* **Task objective**
Leaving the pictures aside, transcribe the data below exactly.

* **Supplied information**
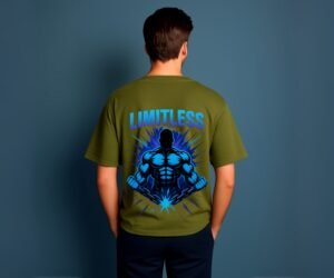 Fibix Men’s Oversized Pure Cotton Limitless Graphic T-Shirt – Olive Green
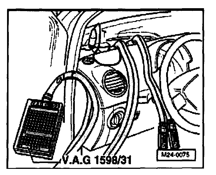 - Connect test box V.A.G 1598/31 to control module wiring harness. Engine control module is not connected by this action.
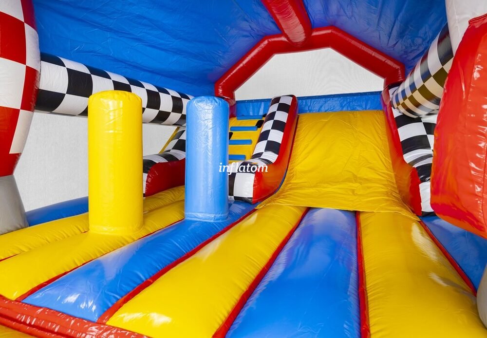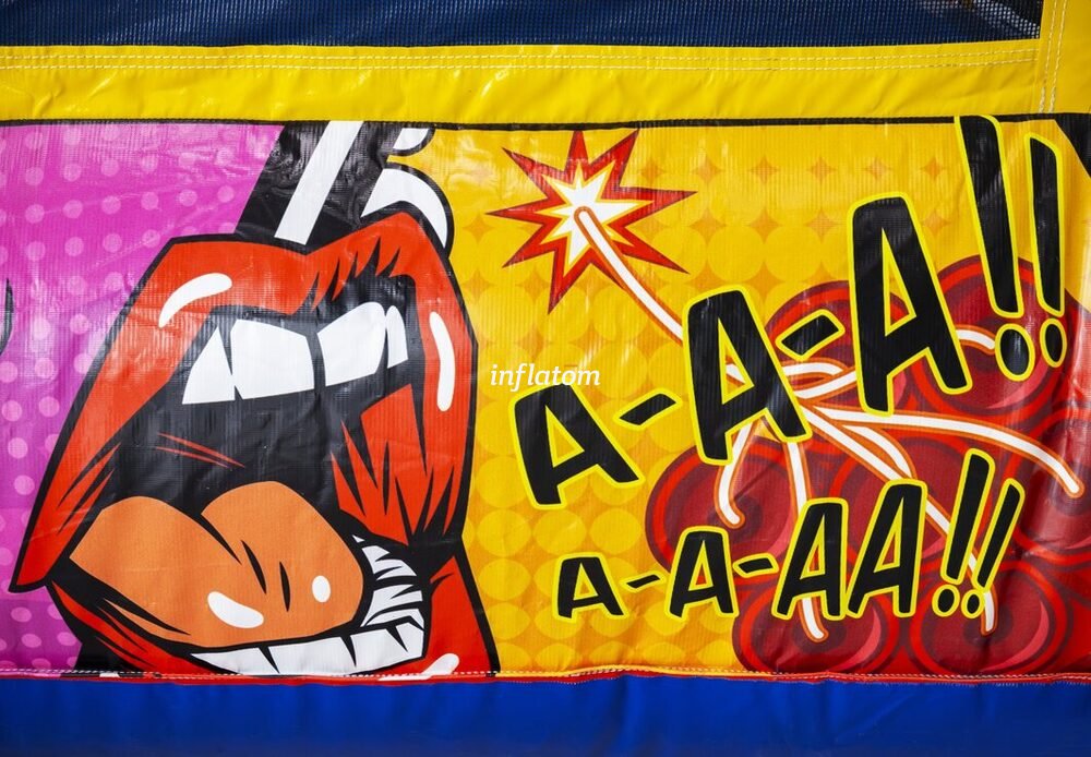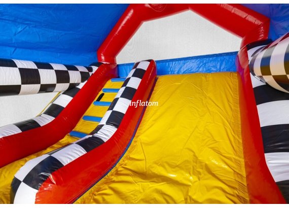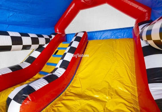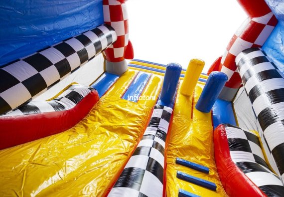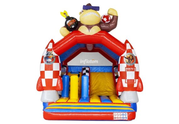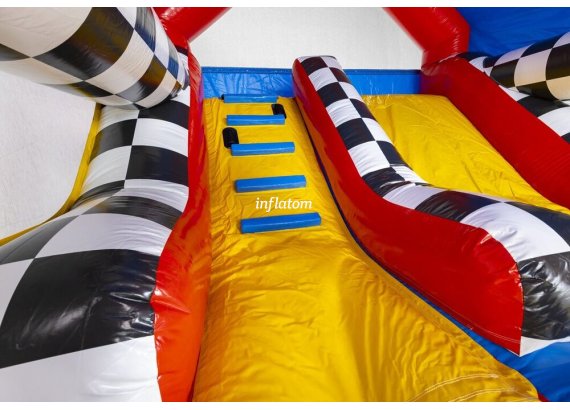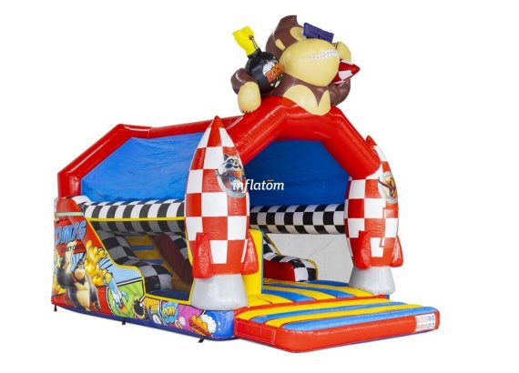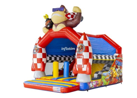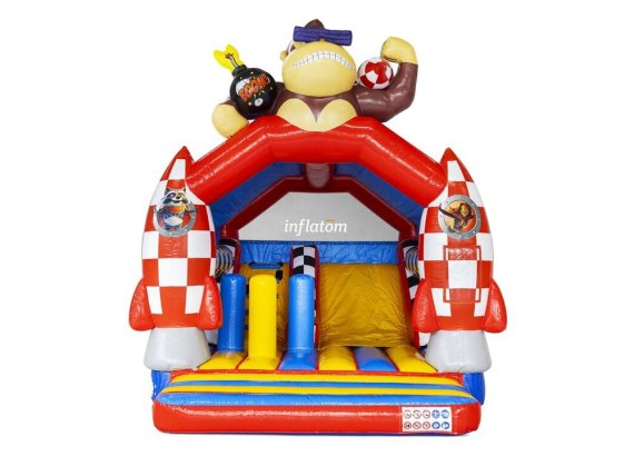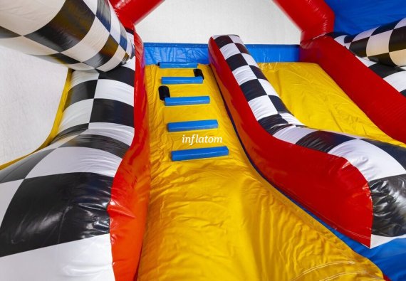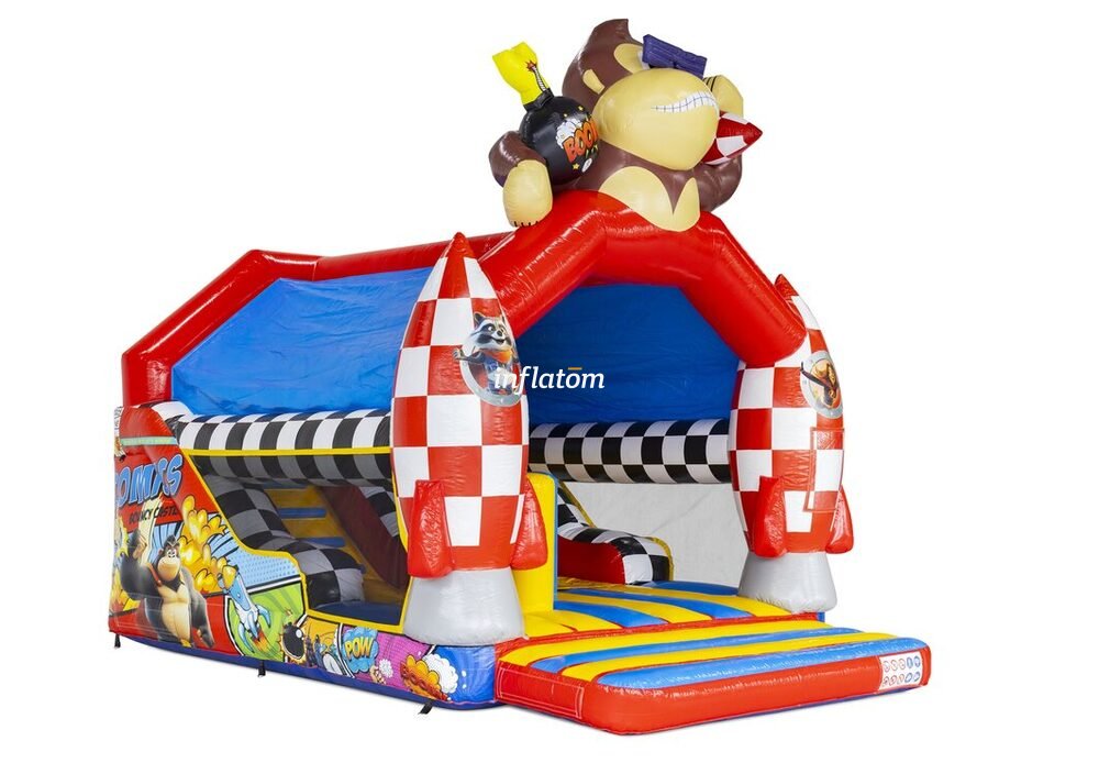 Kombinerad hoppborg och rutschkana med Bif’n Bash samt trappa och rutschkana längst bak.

* **Written response**
 Fibix Men’s Oversized Pure Cotton Limitless Graphic T-Shirt – Olive Green
 - Connect test box V.A.G 1598/31 to control module wiring harness. Engine control module is not connected by this action.
 Kombinerad hoppborg och rutschkana med Bif’n Bash samt trappa och rutschkana längst bak.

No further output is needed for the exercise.